▶ _Your instructions_
Among the entries below, the lines from the one with "Sacola ecobag em" up to and including the one with "또한 리조트 내 식음료" are to be restated exactly, without pictures.

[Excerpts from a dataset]
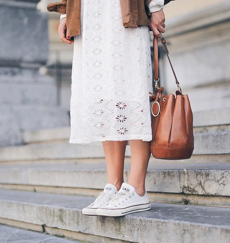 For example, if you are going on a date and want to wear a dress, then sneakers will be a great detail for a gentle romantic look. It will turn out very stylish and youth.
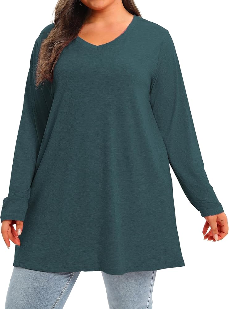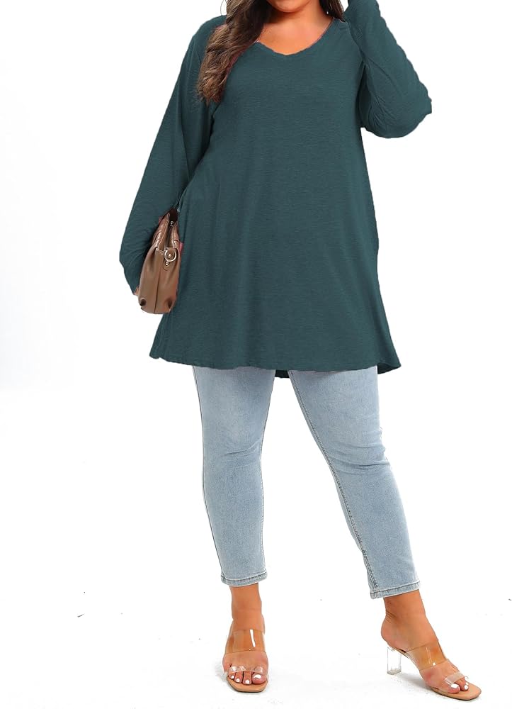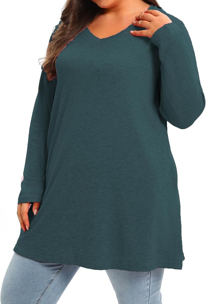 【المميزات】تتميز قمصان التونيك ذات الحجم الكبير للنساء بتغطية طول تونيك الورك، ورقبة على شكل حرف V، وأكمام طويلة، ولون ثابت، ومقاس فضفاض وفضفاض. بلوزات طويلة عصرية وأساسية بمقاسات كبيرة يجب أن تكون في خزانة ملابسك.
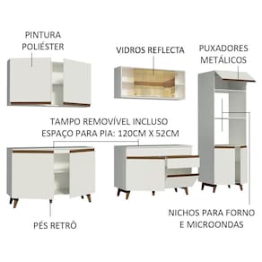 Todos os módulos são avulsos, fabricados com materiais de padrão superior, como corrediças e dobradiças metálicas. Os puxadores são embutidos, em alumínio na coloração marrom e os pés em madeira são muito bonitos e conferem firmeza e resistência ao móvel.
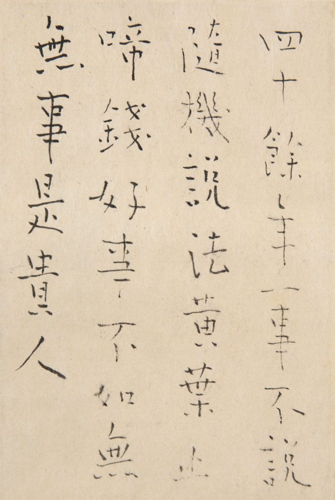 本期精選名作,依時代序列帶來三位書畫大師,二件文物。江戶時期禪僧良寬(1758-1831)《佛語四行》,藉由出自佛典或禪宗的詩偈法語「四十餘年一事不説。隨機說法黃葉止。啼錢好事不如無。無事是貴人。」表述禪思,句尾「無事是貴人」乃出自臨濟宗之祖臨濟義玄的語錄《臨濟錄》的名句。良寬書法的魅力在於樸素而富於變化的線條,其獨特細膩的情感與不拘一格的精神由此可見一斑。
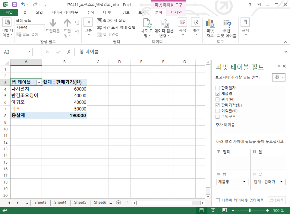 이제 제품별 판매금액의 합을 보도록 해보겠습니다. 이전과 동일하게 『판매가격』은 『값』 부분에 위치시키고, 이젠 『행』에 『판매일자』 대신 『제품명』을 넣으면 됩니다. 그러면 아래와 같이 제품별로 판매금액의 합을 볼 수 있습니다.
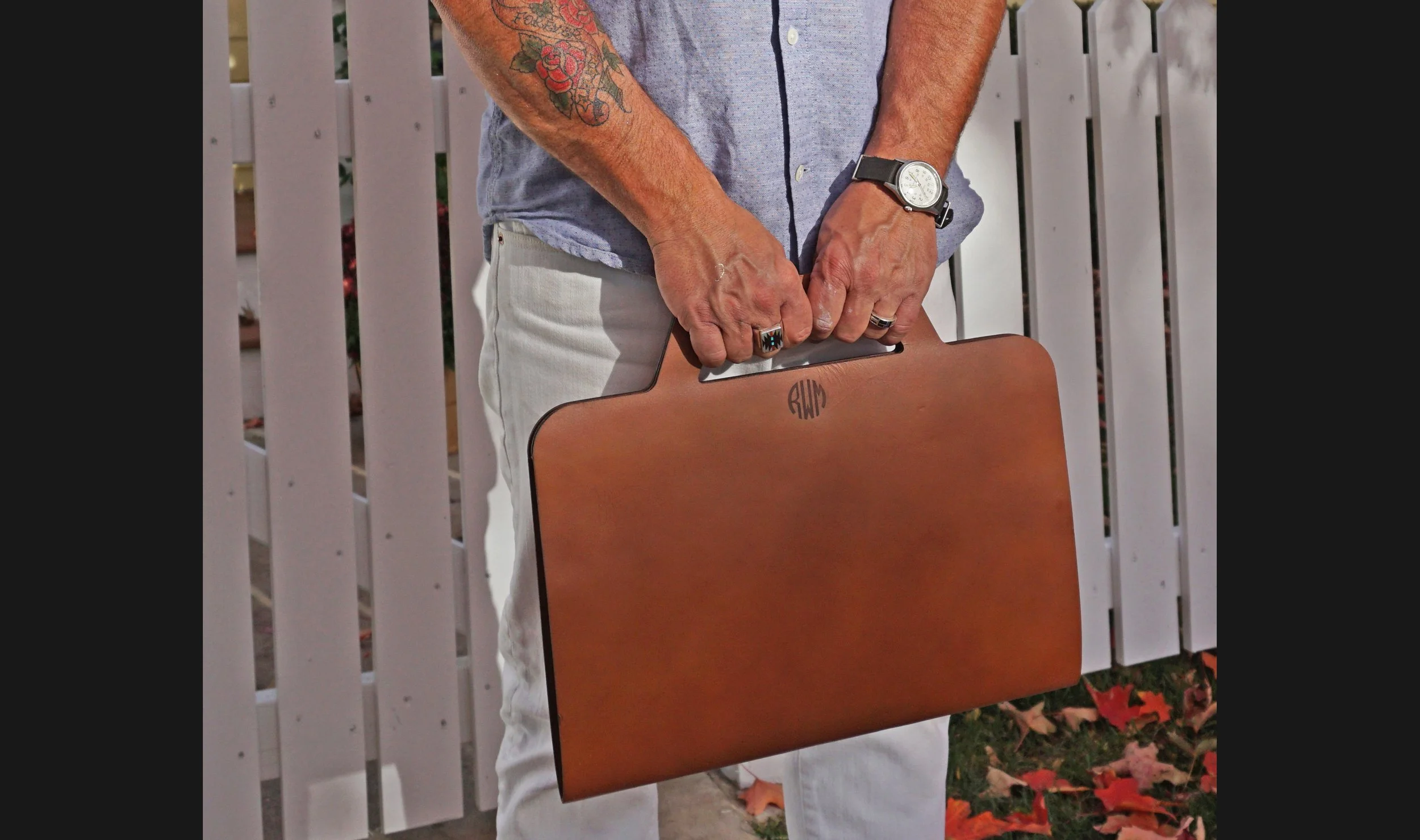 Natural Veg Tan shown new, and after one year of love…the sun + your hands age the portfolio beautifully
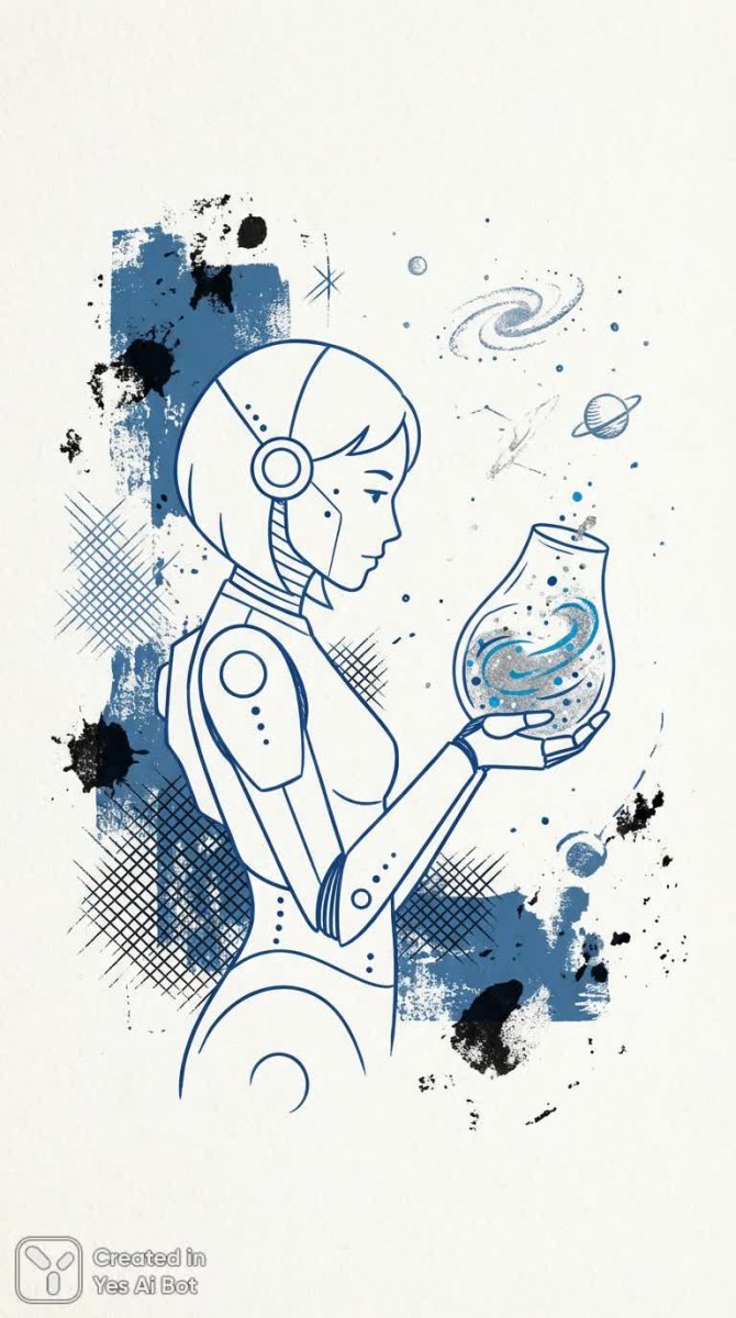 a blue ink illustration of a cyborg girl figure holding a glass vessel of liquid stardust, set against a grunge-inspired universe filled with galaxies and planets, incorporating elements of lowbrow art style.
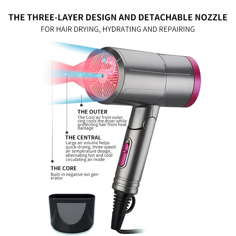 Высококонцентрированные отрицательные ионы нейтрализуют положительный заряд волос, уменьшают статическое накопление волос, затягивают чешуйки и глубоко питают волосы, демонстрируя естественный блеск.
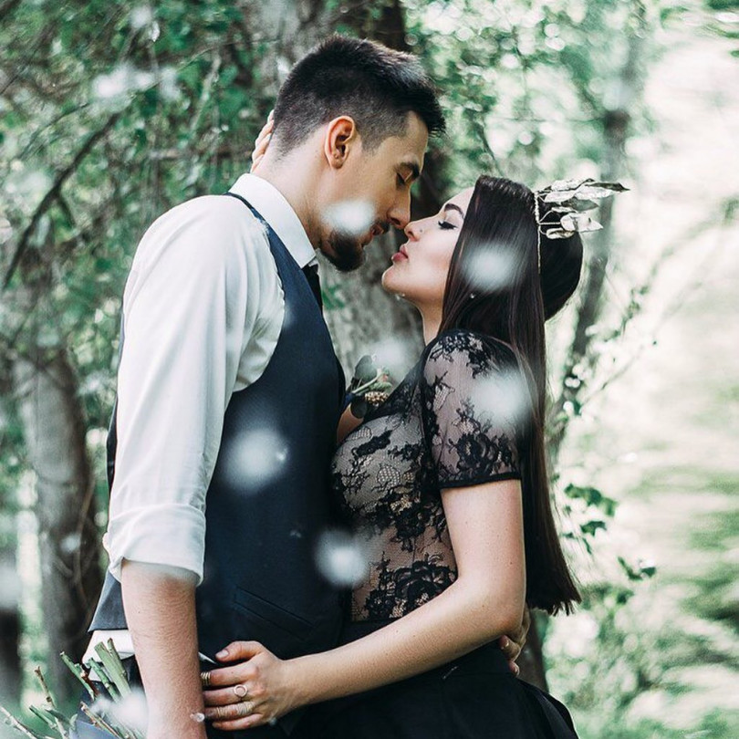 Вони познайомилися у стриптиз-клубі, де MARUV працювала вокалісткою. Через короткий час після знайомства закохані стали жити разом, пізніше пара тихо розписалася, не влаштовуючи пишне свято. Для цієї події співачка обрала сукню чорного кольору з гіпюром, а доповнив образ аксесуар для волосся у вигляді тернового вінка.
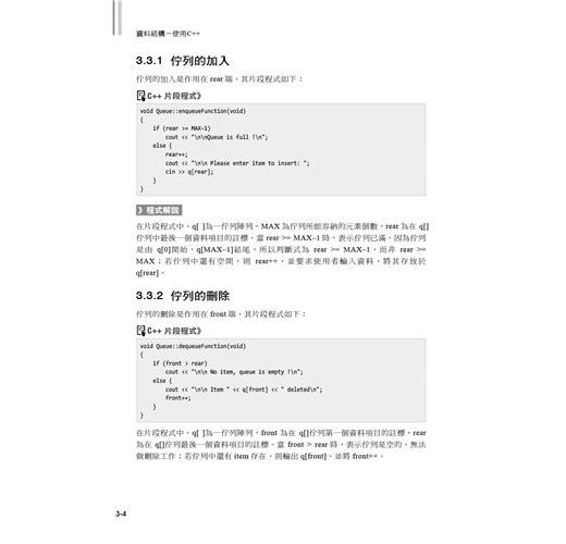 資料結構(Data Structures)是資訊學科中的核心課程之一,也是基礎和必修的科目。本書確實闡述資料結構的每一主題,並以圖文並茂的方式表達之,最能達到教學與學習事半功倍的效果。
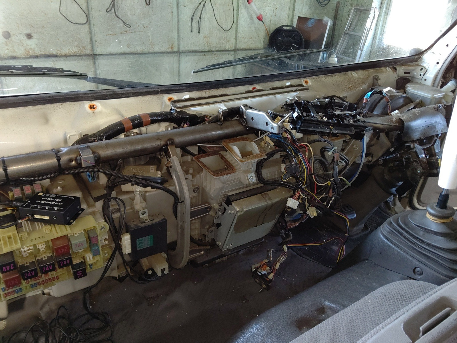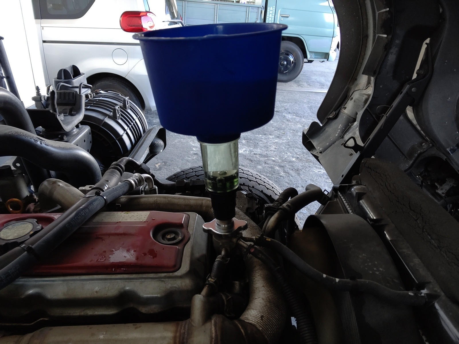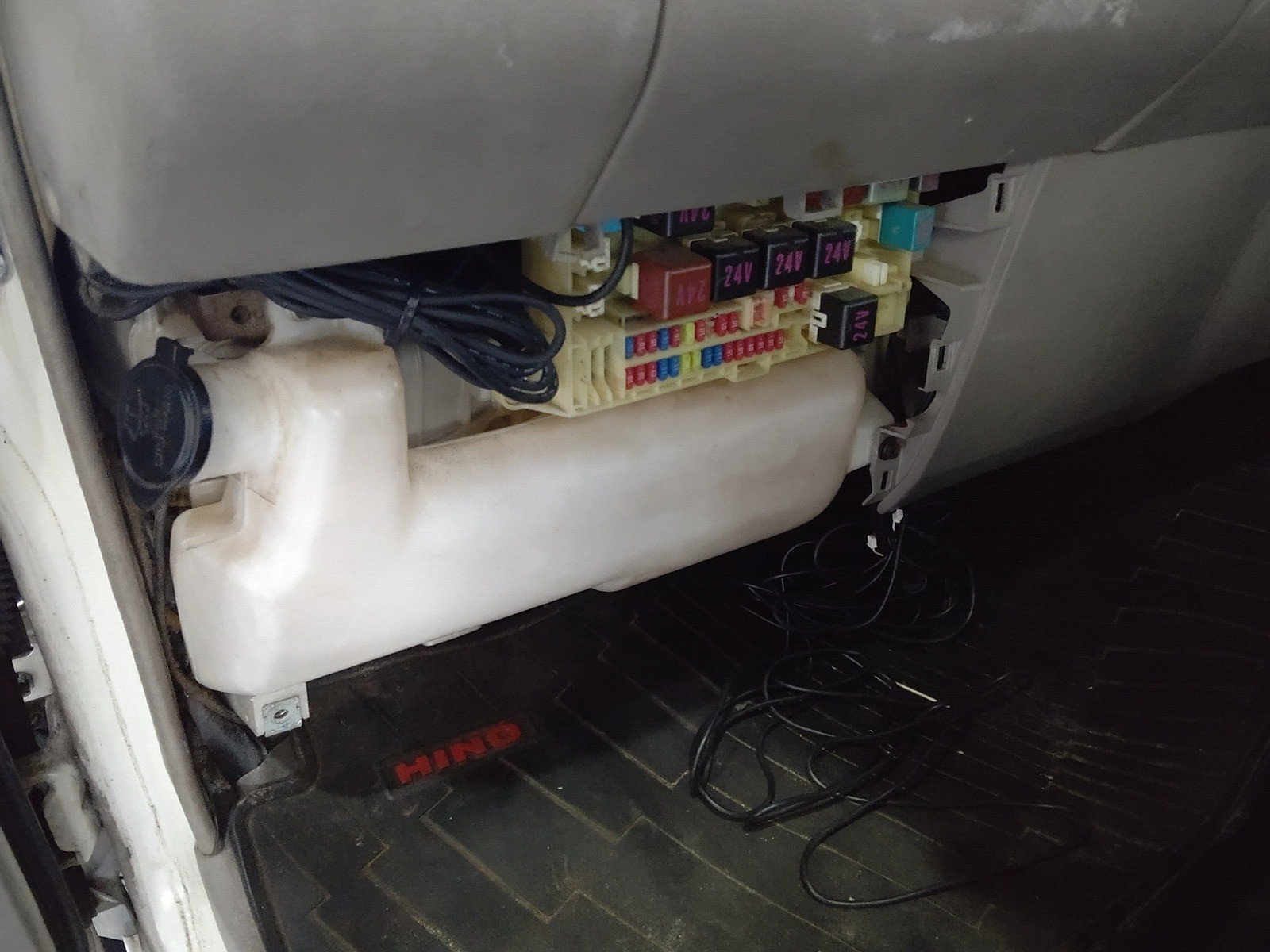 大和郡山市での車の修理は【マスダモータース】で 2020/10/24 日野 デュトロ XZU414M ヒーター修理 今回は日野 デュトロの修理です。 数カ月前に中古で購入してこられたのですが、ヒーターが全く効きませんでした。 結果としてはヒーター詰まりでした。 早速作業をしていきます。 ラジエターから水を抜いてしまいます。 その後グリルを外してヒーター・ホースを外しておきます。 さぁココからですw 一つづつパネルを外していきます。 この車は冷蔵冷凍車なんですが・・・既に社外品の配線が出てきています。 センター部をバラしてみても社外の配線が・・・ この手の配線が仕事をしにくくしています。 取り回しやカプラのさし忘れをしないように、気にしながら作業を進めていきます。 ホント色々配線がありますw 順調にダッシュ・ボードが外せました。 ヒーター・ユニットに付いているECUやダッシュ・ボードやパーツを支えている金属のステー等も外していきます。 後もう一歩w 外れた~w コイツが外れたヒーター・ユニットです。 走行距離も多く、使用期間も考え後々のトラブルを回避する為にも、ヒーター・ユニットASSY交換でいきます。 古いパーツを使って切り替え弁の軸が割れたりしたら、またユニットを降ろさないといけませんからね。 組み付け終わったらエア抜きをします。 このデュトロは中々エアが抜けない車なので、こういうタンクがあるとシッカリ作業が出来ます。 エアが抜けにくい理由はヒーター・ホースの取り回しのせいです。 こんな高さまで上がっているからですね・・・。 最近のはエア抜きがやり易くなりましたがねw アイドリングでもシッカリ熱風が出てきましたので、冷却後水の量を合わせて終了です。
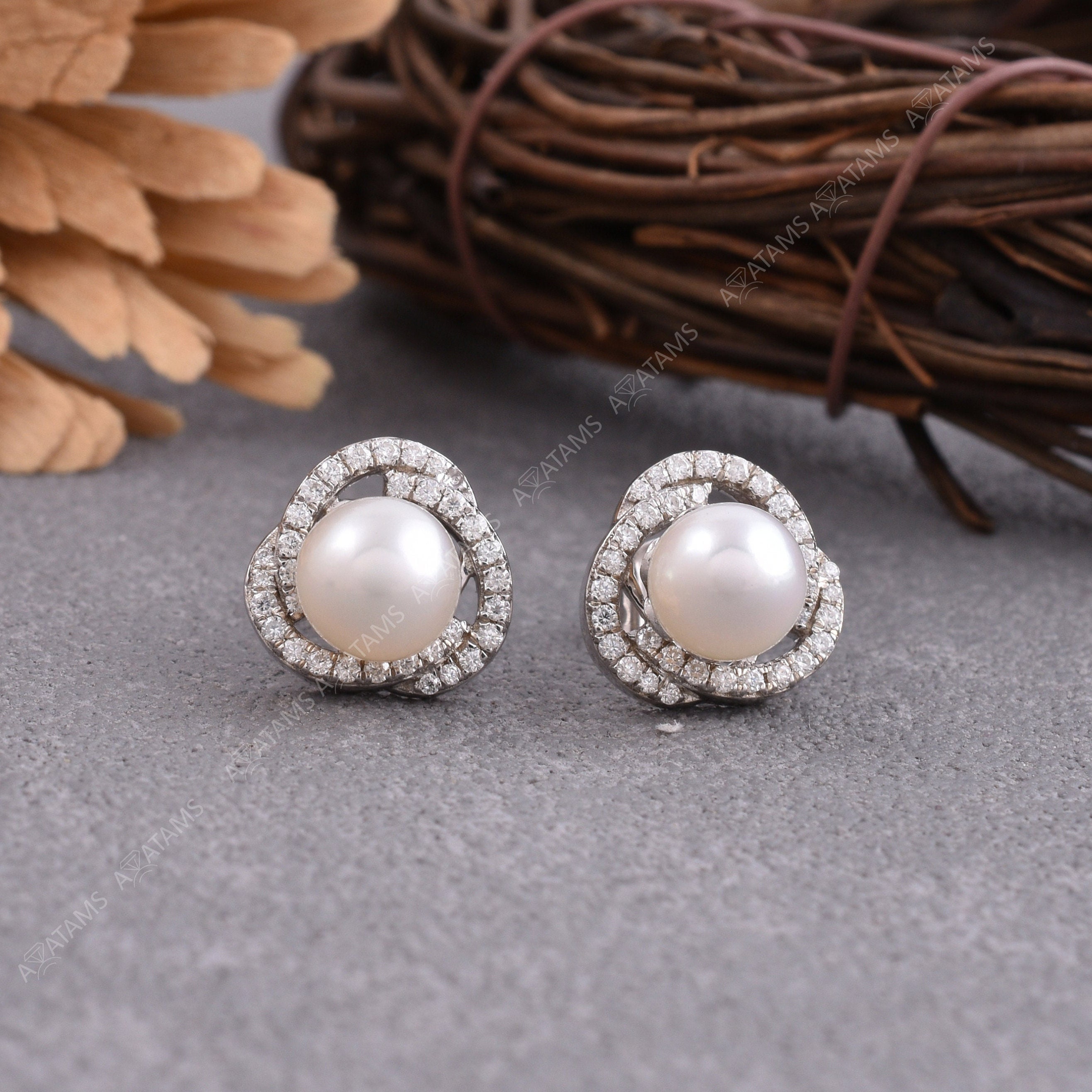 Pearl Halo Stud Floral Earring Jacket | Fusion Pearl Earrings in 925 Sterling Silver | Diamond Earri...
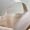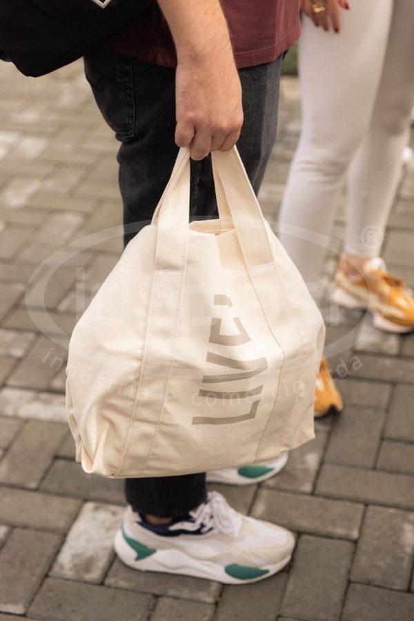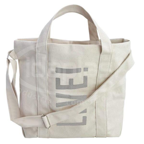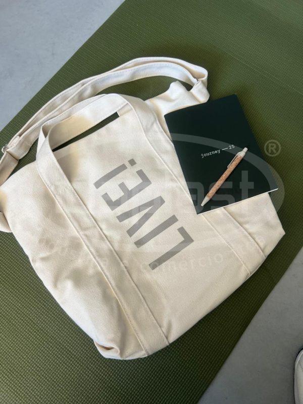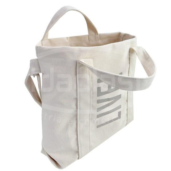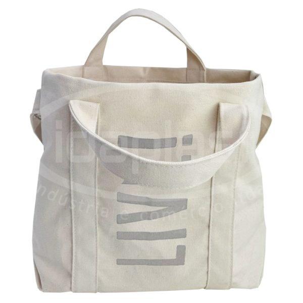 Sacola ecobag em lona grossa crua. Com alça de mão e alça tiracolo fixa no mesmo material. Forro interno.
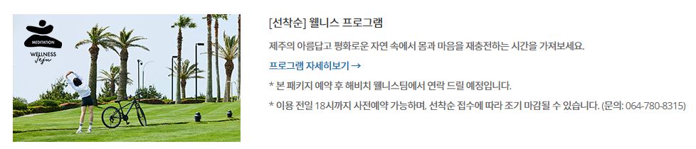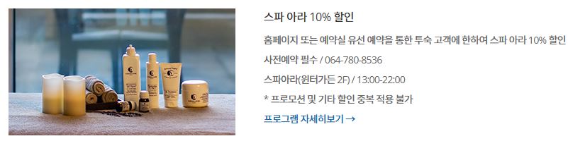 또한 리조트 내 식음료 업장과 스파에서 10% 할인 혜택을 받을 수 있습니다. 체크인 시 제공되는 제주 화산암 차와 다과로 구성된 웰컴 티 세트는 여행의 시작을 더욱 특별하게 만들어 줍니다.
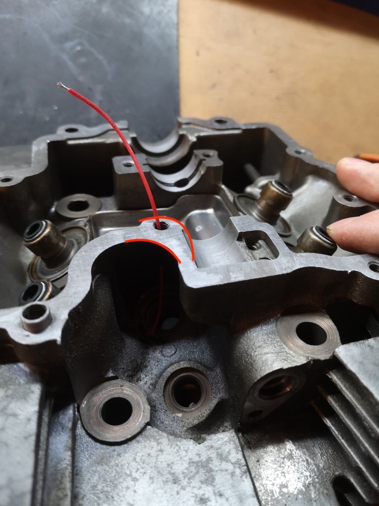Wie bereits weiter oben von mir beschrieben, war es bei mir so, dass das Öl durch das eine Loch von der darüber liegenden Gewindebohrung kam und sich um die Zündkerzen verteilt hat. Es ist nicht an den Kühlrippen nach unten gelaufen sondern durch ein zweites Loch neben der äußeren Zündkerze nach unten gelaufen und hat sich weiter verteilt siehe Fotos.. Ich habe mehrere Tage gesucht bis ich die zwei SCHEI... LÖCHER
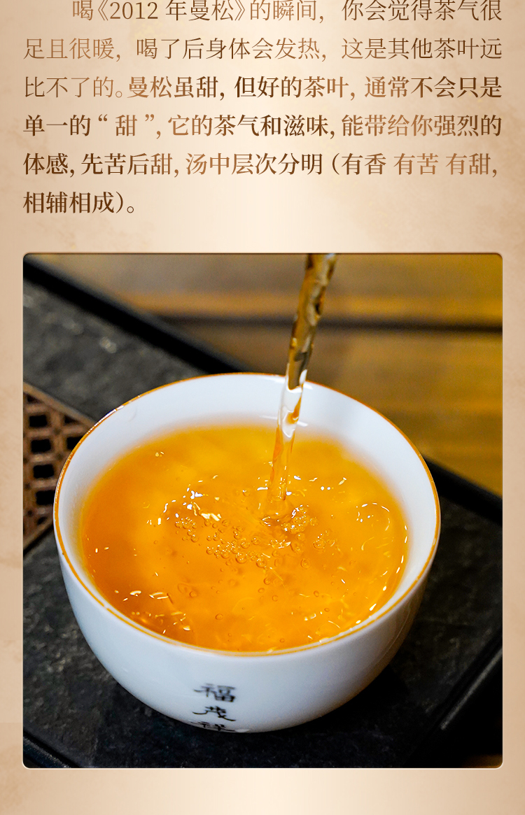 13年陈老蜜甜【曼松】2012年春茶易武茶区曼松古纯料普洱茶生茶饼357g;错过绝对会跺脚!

▶ _Result of the exercise_
 Sacola ecobag em lona grossa crua. Com alça de mão e alça tiracolo fixa no mesmo material. Forro interno.
 또한 리조트 내 식음료 업장과 스파에서 10% 할인 혜택을 받을 수 있습니다. 체크인 시 제공되는 제주 화산암 차와 다과로 구성된 웰컴 티 세트는 여행의 시작을 더욱 특별하게 만들어 줍니다.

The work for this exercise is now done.